Вспомните, как постепенно становятся «тюрьмой» решетки кроватей в «Клетке». Ведь в жизни решетка, конечно, никакой не знак, а просто некий объект реальности. Сам по себе он никаким значением не обладает. Но поскольку кадр всегда находится в монтажном ряду, т. е. в контексте, зритель будет пытаться расшифровать его как знак. И решетка, в зависимости от этого контекста, может стать и знаком тюрьмы, и знаком защиты (решетка моста, решетка ограды здания, решетка в цирке), и знаком разграничения (парковая решетка). Сам по себе кадр ребенка за решеткой кровати может быть «считан» и с точностью до наоборот: ведь решетка кровати и защищает ребенка от падения.

Для того чтобы решетка однозначно «считалась» как знак тюрьмы, зритель должен понять не только то, что самостоятельно ребенок выбраться за решетку не в состоянии, но прежде всего то, что решетка в данном случае защищает не ребенка, а от ребенка. Более того, должно ясно считываться, что за решеткой ребенку очень плохо. Тогда мы получаем на экране два знака и отношение: решетка-«тюрьма» и дети, которым за решеткой очень плохо.
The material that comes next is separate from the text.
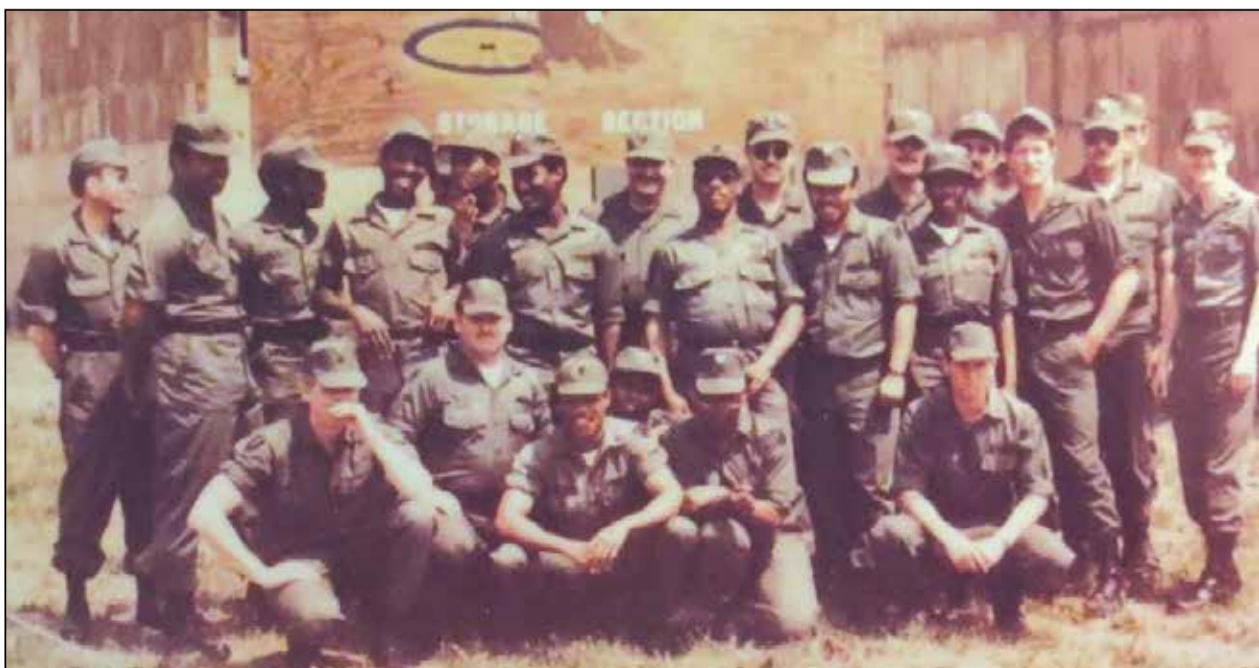
A group of veterans poses in an undated photo.

Соединенные в один ряд, они и могут дать знак «тюрьмы неправедной». Но сначала это значение нужно «накопить» в предыдущем монтажном ряде, сюжетном контексте, действиях и отношениях.

Это элементарно и обычно более или менее успешно осваивается еще в первые годы работы. И вот тут нередко возникает проблема переоценки: кадр или монтажная фраза объявляется «образом тоталитаризма» или чем-то в этом роде. Хотя никакого образа нет и в помине. Ведь знак — не образ. В нем отсутствуют обязательные для образа многозначность смыслов и чувственно-эмоциональный заряд.

Представьте себе кадр: дети за решеткой реальной тюрьмы. Образом он никогда не станет. В контексте тюремного сюжета знаковость решетки маскируется ее основным, «реальным» смыслом. А значит, даже если отношение выявлено, максимум, что такой кадр способен пробудить, — сочувствие к героям. Это кадр — из разряда констатирующих факт. Для того чтобы стать чем-то большим, он должен стать явно акцентным и амбивалентным.

Бывает, авторы, забывая про амбивалентность, бросаются в другую крайность, «педалируя» значение «тюрьмы». Но зритель все равно считывает такой кадр только как знак тюрьмы, страдания, несвободы и т. д., потому что смысл знака и так априори известен, и автор ничего нового не открывает. Более того, знак этот однозначен и абстрактен. Это не сама реальная тюрьма, а лишь ее обозначение.

Для того чтобы избежать как простой констатации факта, так и абстракции, нам требуется выявить в кадре как минимум амбивалентность значений объекта. То есть добиться одновременного считывания решетки и как объекта реальности, и как символа (многозначного знака).

Но многозначность не может быть создана в кадре одномоментно. Значения должны быть «накоплены» предыдущими кадрами, выявлены в отношениях. Для того чтобы что-то стало для зрителя образом, оно должно, подобно кристаллу, «заиграть» гранями смыслов и чувств, стать эмоционально значимым событием. Выявить, акцентировать, накопить эти «грани» — задача автора. Главные отличительные черты художественного образа — это, во-первых, одновременное воздействие на интеллект, чувства и эмоции зрителя, а во-вторых, по точному выражению В. Шкловского, многоразгадываемость. Недаром С. М. Эйзенштейн говорил, что «произведение искусства, понимаемое динамически... есть процесс становления образов в чувствах и сознании зрителя».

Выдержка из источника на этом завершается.